Pair Corralation between Alphabet and First Internet

Given the investment horizon of 90 days Alphabet Inc Class C is expected to under-perform the First Internet. But the stock apears to be less risky and, when comparing its historical volatility, Alphabet Inc Class C is 2.27 times less risky than First Internet. The stock trades about -0.02 of its potential returns per unit of risk. The First Internet Bancorp is currently generating about 0.18 of returns per unit of risk over similar time horizon. If you would invest  3,597  in First Internet Bancorp on August 27, 2024 and sell it today you would earn a total of  595.00  from holding First Internet Bancorp or generate 16.54% return on investment over 90 days.
Time Period3 Months [change]
DirectionMoves Together 
StrengthSignificant
Accuracy100.0%
ValuesDaily Returns

Alphabet Inc Class C  vs.  First Internet Bancorp

 Performance 
       Timeline  
Alphabet Class C 

Risk-Adjusted Performance

0 of 100

 
Weak
 
Strong
Very Weak
Over the last 90 days Alphabet Inc Class C has generated negative risk-adjusted returns adding no value to investors with long positions. Despite nearly stable basic indicators, Alphabet is not utilizing all of its potentials. The latest stock price disturbance, may contribute to mid-run losses for the stockholders.
First Internet Bancorp 

Risk-Adjusted Performance

7 of 100

 
Weak
 
Strong
OK
Compared to the overall equity markets, risk-adjusted returns on investments in First Internet Bancorp are ranked lower than 7 (%) of all global equities and portfolios over the last 90 days. Despite quite weak fundamental drivers, First Internet disclosed solid returns over the last few months and may actually be approaching a breakup point.

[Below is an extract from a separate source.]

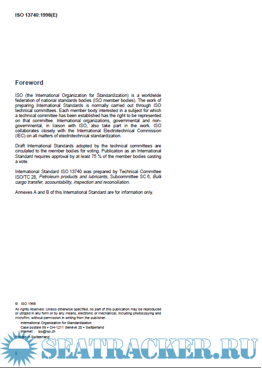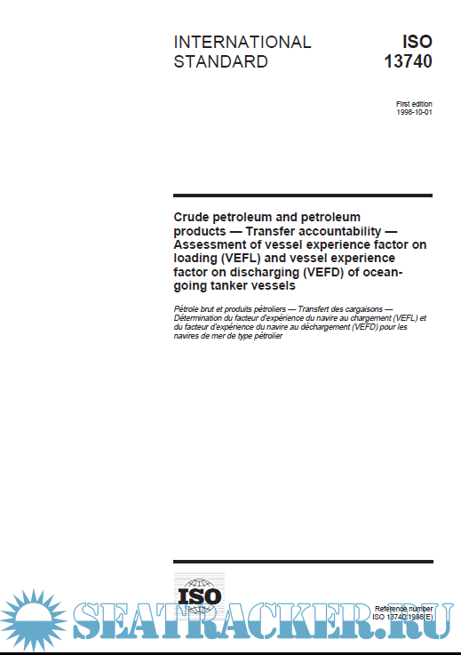 Description: ISO 13740 - Crude petroleum and petroleum products — Transfer accountability — Assessment of vessel experience factor on loading (VEFL) and vessel experience factor on discharging (VEFD) of oceangoing tanker vessels

Alphabet and First Internet Volatility Contrast

   Predicted Return Density   
       Returns  

Pair Trading with Alphabet and First Internet

The main advantage of trading using opposite Alphabet and First Internet positions is that it hedges away some unsystematic risk. Because of two separate transactions, even if Alphabet position performs unexpectedly, First Internet can make up some of the losses. Pair trading also minimizes risk from directional movements in the market. For example, if an entire industry or sector drops because of unexpected headlines, the short position in First Internet will offset losses from the drop in First Internet's long position.
The idea behind Alphabet Inc Class C and First Internet Bancorp pairs trading is to make the combined position market-neutral, meaning the overall market's direction will not affect its win or loss (or potential downside or upside). This can be achieved by designing a pairs trade with two highly correlated stocks or equities that operate in a similar space or sector, making it possible to obtain profits through simple and relatively low-risk investment.
Check out your portfolio center.
Note that this page's information should be used as a complementary analysis to find the right mix of equity instruments to add to your existing portfolios or create a brand new portfolio. You can also try the Pattern Recognition module to use different Pattern Recognition models to time the market across multiple global exchanges.